Monday, October 26, 2009

Hyderabad 6

A rather late start today at the ramble file. There's this funny scene in many comedy movies, where a strong man pus his palm on a little guy's head, and he keeps swinging and swinging. I can see myself doing just that. I gotta change something fundamental in my approach. Wonder what it is. RK anna said that recognizing the problems is the biggest step toward solving them. The problem is coming into focus, slowly. I'm snapping at it's heels, around the edges. Once I figure out how to tackle the strong guy, I'll be rushing faster than ever.

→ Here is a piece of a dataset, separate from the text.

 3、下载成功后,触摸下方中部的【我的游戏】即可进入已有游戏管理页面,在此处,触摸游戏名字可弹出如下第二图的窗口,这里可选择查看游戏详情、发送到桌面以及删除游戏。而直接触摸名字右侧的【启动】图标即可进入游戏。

I wanted to write today, a couple of times. I cant remember what about, but it felt good at the moment. Oh, by the way, I got a call at 1:00 last night. You know who it was. 'I'm feeling low, I have no one else to call', she says. The next hour passed in self pity, sobbing and basically a full spectrum of sorrow from a very steady pessimistic viewpoint. I was glad to go back to sleep. Of course, she was reluctant to leave, even after 2:00. I think I'll switch my phone off tonight.

I reworked the story on the Osmania hospital today, according to another one published this morning on Niloufer. I think it fits the format boss asked for, but I'll try and give it another reading.

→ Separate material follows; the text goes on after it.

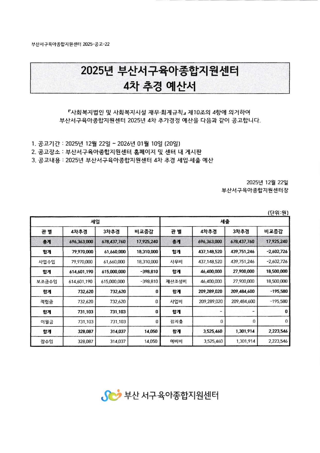 2025년 부산서구육아종합지원센터 4차 추경 예산 공고
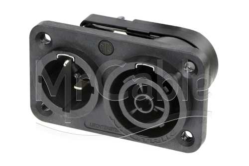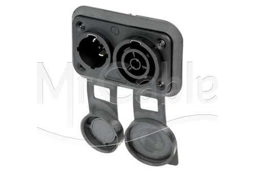 Панельный разъем powerCON® TRUE1 TOP комбинированный, новой серии TRUE OUTDOOR PROTECTION (TOP), 16 А, power IN (для входа питания) и power OUT (для выхода питания), разработанный специально для наружного применения в суровых условиях, прочный герметичный корпус. Особенно устойчив к УФ-излучению, пыле- и влагозащищенный, класс защиты (IP65), прямоугольный фланец, 3-х контактный, штекер/папа - гнездо/мама, надежная система блокировки соединения, контакты - покрытие серебро, (плоские клеммы 1/4 "), под пайку, подходит для проводов сечением до 2.5 мм2 (AWG 12), номинальное напряжением 250 В (переменное) / номинальный ток 16 А при сечении 2.5 мм2. ВНИМАНИЕ: возможно безопасное подключение под нагрузкой! Комбинация входного и выходного устройства предназначена для последовательного соединения!

This is now two days later. The Osmania article fell flat on its face, then flipped over and landed on its chair with a thump. "I'm your reader, help me, don't torture me," was what boss had to say about the article. Wow.

I think I'm finally beginning to learn. Another oft heard phrase comes to mind – "put aside your ego if you want to learn." Well, since ordinary human beings cant simply put it aside, circumstances dot he job for them. The boss quite effectively decimated my ego with a few choice lines like the one in the previous paragraph. So now I'm taking a longer look at my circumstances. Changing the viewpoint, so to speak. I'm a fresher. I didn't try to hide this fact, even at the beginning, but now everyone knows it and it's been established. Like boss once confided, I have a one-month probation, by which time I'm supposed to be churning out stories like the rest of the gang. Tomorrow I will reach the two-week mark of the first month. I'm exactly one story old. Two weeks, 14 days. One story. Hmm……now, GG said my career's been made, I think. Made what? Made how? You know, logic dictates that I desire the month never to be over, but I'm awfully curious about the next phase. I can't see anything at all from where I'm standing right now. Where are the stories going to come from? Where?

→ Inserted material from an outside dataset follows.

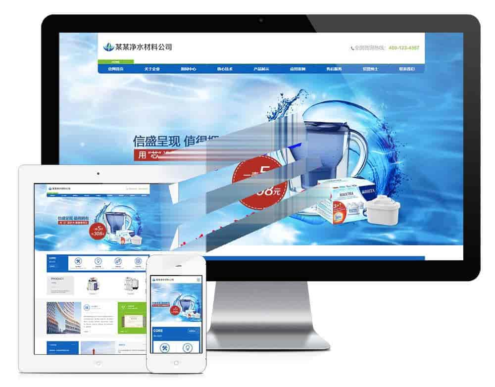 易优cms响应式净水材料设备公司网站模板源码 自适应手机端 带后台模板基于eyoucms内核制作,模板编码为UTF8 ,适合行业:机械电子类企业。

I just had my lunch. After no breakfast, it was a welcome meal, but lunch brings with it its own horde of problems. I have to make two phone calls, neither of which will yield a story today. I'm so drowsy after that meal that I've decided against lunch in the future. I don't have a story for the day (again) and that in itself tenses me. So I'm really drowsy, I have this nagging feeling of something left undone and I'm tense about having no stories yet. I'm a glass of milk into which a slice of lemon has been thrown in. I'd better make those calls.